• _Your objective_
Output word for word the lines from the one with "Функция абдуктора I" to the final line of the data, both ends included, but skip the pictures.
Segment Open
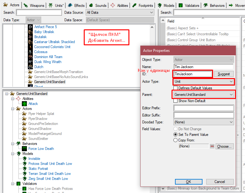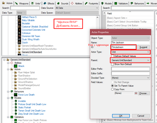 Далее идём в раздел "+" - Edit Actor Data - Actors и создаём там новый актор типа Unit с таким же ID как и у единицы
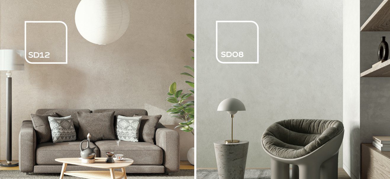 霧面帶有微絨毛的磨砂觸感及立體視覺效果的藝術牆面漆。
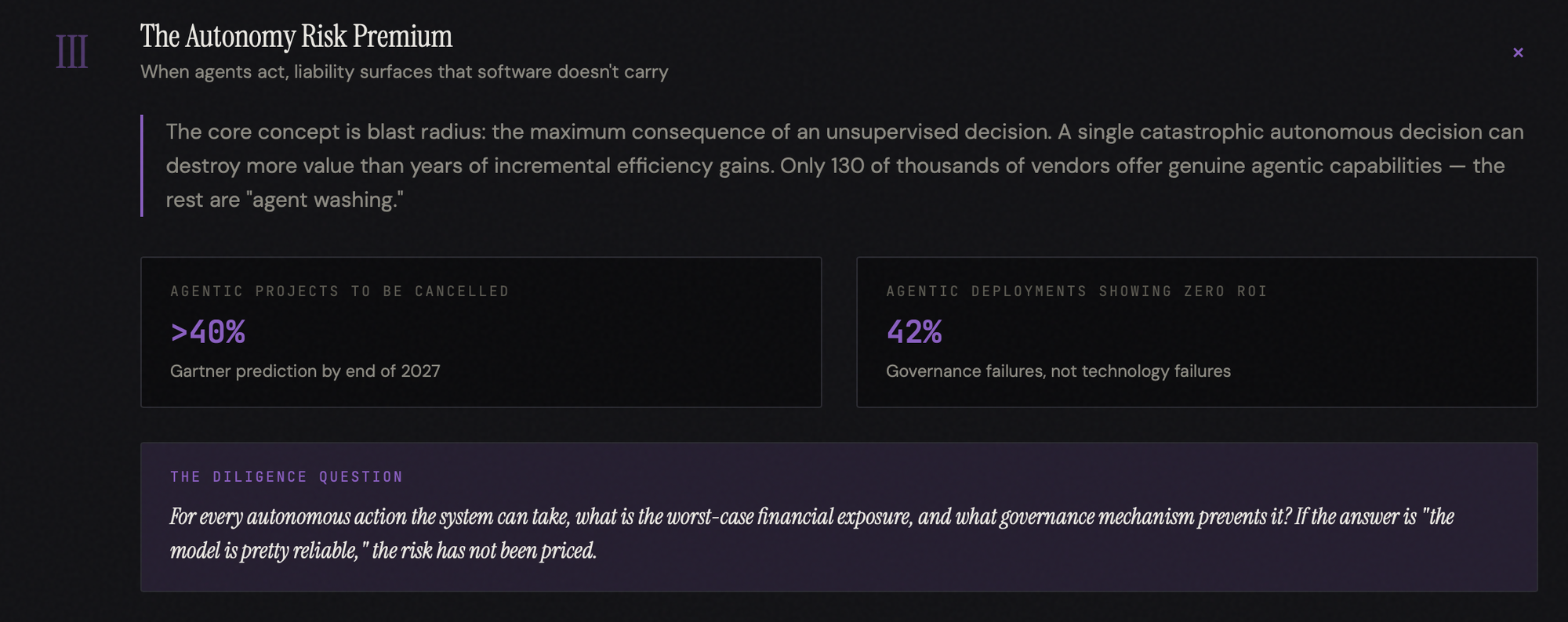 The diligence question: for every autonomous action the system can take, what is the worst-case financial exposure, and what governance mechanism prevents it? If the answer is "the model is pretty reliable," the risk has not been priced.
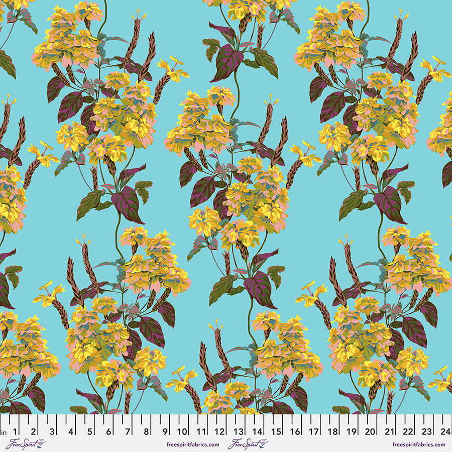 Anna Maria Horner is known for her beautiful drawings of flowers and foliage, she also enjoys playing with colour and texture. Her collection Fluent, for Free Spirit Fabrics, is a love letter to all things floral. The collection takes us on a tour of colour saturation and includes pale creams, bright blues, deep aubergine, cerise, lilac and a deep navy blue. Anna says “The Raiment floral print was my first drawing and is based on a beautiful flower that I bought from a local nursery. Before I knew its name, I thought the blooms looked like tiered and ruffled skirts. I later learned it is indigenous to Sri Lanka and its name means “clothing”. It was a moment of the flower speaking to me first, and I was so pleased. Other prints echo visual stories and traditional crafts from other parts of the world like Grecian Urns, hand drawn paisleys, structural lace, and imaginative florals. The scale and colour variation is ripe for exciting quilts and striking garments or home decor!”
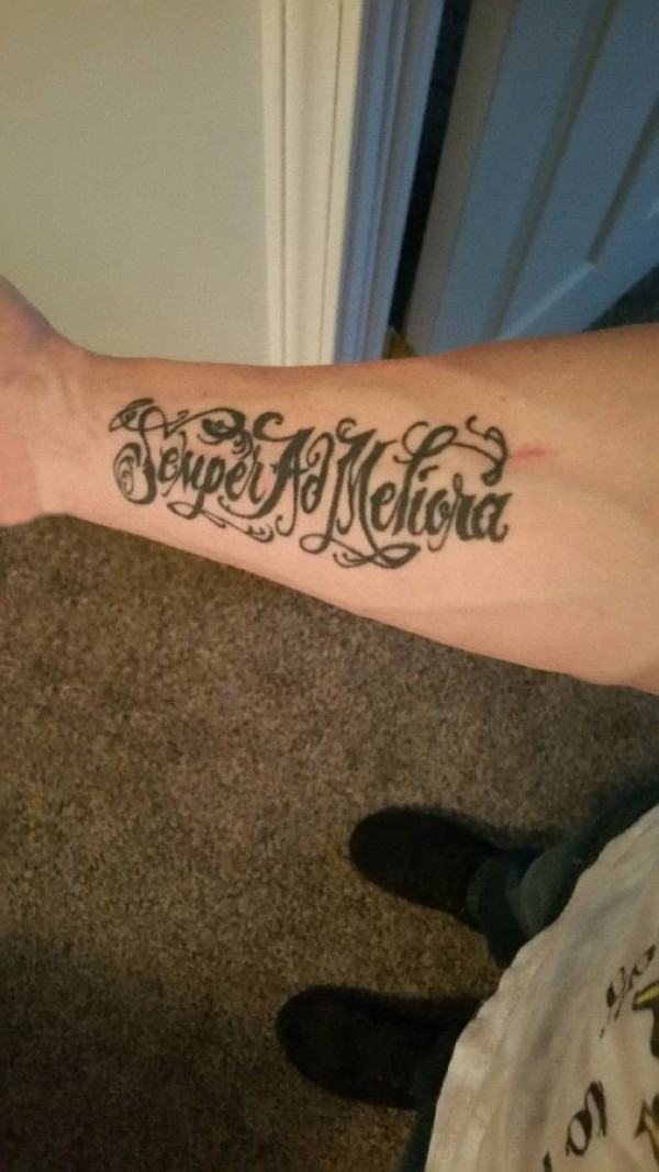 男生手臂上黑色抽象线条创意英文单词纹身图片
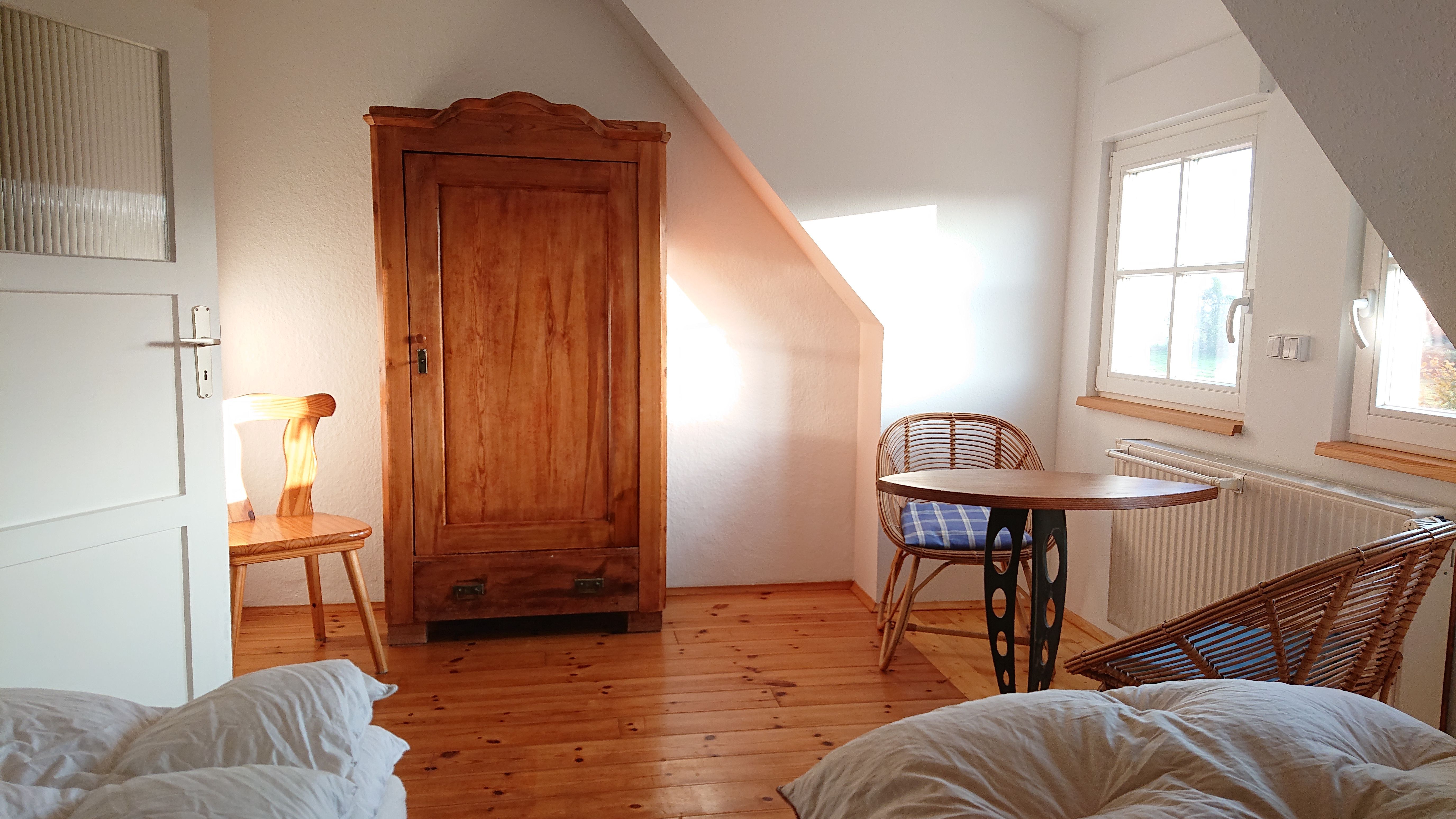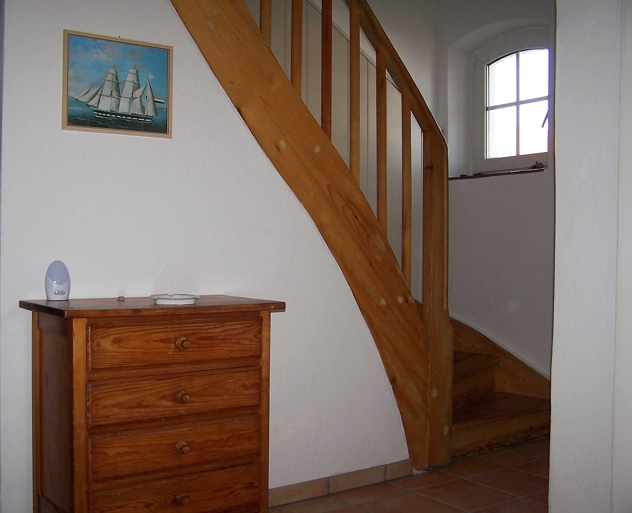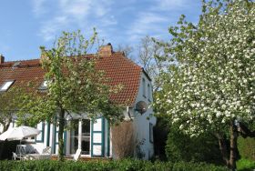 Ferienhaus Ostseebad Wustrow, Fischland/Darss, ruhig 2-5 Per Gemütlich ausgestattetes geräumiges Ferienhaus (4 Zimmer), ruhige Ortsrandlage, (separates Grundstück) z. T. freier Blick auf Felder + Bodden, feinkörniger Sandstrand (Ostsee), ca. 3 Minuten zum Hafen, 520 qm Garten, individuell voll ausgestattes Wohnhaus (Doppelhaus) über 80 qm mit 4 Zimmern und Küche, Gas-Zentral-Heizung, zum Teil Fußbodenheizung, gemütlich mit alten oder massiven Holz-Möbeln eingerichtet, individuell für den Eigenbedarf nach unserem Geschmack zusammengestellt (siehe Fotos, keine sterile Einheitsausstattung vom Bauträger) unten: Wohn- und Lesezimmer mit Doppeltür (Schlaf-Sofa: Ligne Roset Multy), Sat-TV, CD-Player, Radio; Küche mit Sitzecke, reichhaltige Küchenausstattung, Spülmaschine, Herd mit Backröhre, Mikro-Welle, Kühl-Gefrier-Kombination etc., Gäste WC 1. Stock: 2 Schlafzimmer (Doppelbett: 160x200, 2 Betten: 90x200), Kinderbett;Hochstuhl, Bad/WC (Dusche), 520 qm Grundstück (Garten, reifes Obst darf natürlich geerntet werden), PKW-Stellplatz, Gartenmöbel, einfache Fahrräder, verschiedene Spiel-, Strand- und Sportgeräte in gebrauchtem Zustand.
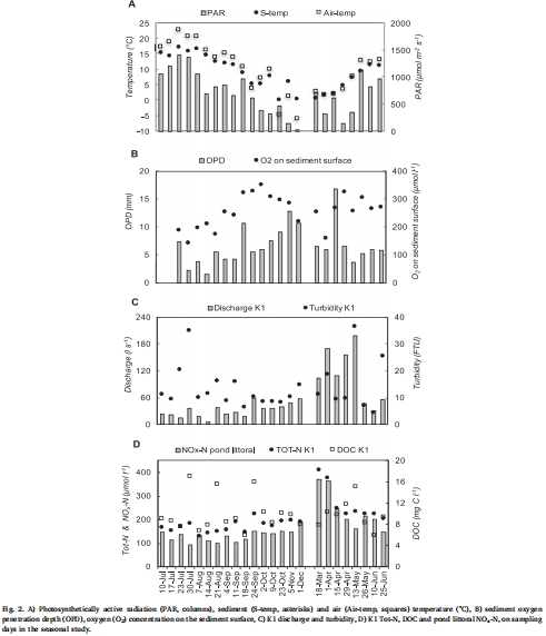 數(shù)據(jù)內(nèi)容:溫度(空氣/沉積物)、PAR、濁度、NOx-N濃度、DOC等季節(jié)性變化(如夏季PAR最高592 μmol m?2 s?1)。
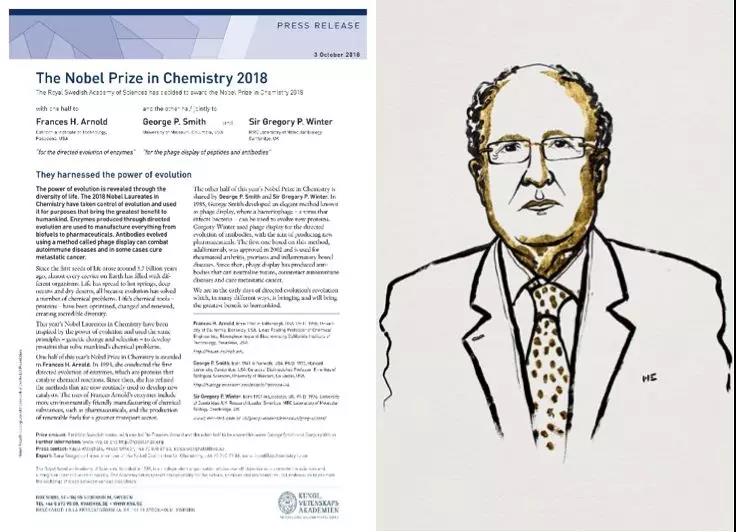 ▲瑞典皇家科學(xué)院官方宣布本年度諾貝爾化學(xué)獎歸屬,右圖為劍橋大學(xué)三一學(xué)院院長Sir Gregory Winter漫畫肖像
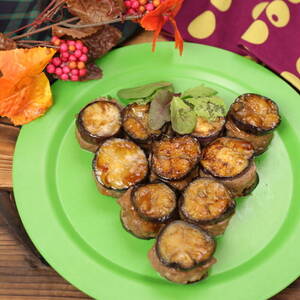 なすは1cm厚さの輪切りに切る。
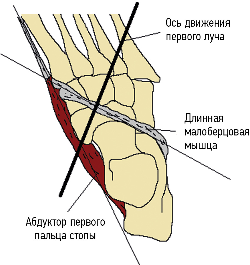 Функция абдуктора I пальца стопы как активного сгибателя первого луча достаточно дискутабельна. Данная мышца располагается под углом 45° к оси первого луча, создавая эффективный рычаг для его сгибания. Однако ось сухожилия длинной малоберцовой мышцы находится под углом 90° к оси движения первого луча, что делает ее сгибательный крутящий момент более эффективным (рис. 10). В то же время короткий сгибатель I пальца, прикрепляющийся на плантарно-медиальной поверхности кубовидной кости и латеральной клиновидной кости, некоторые авторы рассматривают как сгибатель первого луча [22, 57].
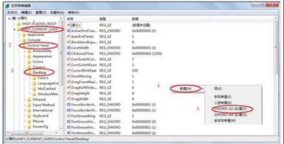 2、在注冊表編輯器依次展開到“HKEY_CURRENT_USER\Control Panel\Desktop”,
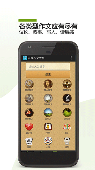 1、20000篇离线作文,什么类型作文都有(议论,说明,日记,杂文,叙事等等)2、每日一文在线听作文,晚上睡觉好帮手
Segment Closed
• _Answer to this problem_
 Функция абдуктора I пальца стопы как активного сгибателя первого луча достаточно дискутабельна. Данная мышца располагается под углом 45° к оси первого луча, создавая эффективный рычаг для его сгибания. Однако ось сухожилия длинной малоберцовой мышцы находится под углом 90° к оси движения первого луча, что делает ее сгибательный крутящий момент более эффективным (рис. 10). В то же время короткий сгибатель I пальца, прикрепляющийся на плантарно-медиальной поверхности кубовидной кости и латеральной клиновидной кости, некоторые авторы рассматривают как сгибатель первого луча [22, 57].
 2、在注冊表編輯器依次展開到“HKEY_CURRENT_USER\Control Panel\Desktop”,
 1、20000篇离线作文,什么类型作文都有(议论,说明,日记,杂文,叙事等等)2、每日一文在线听作文,晚上睡觉好帮手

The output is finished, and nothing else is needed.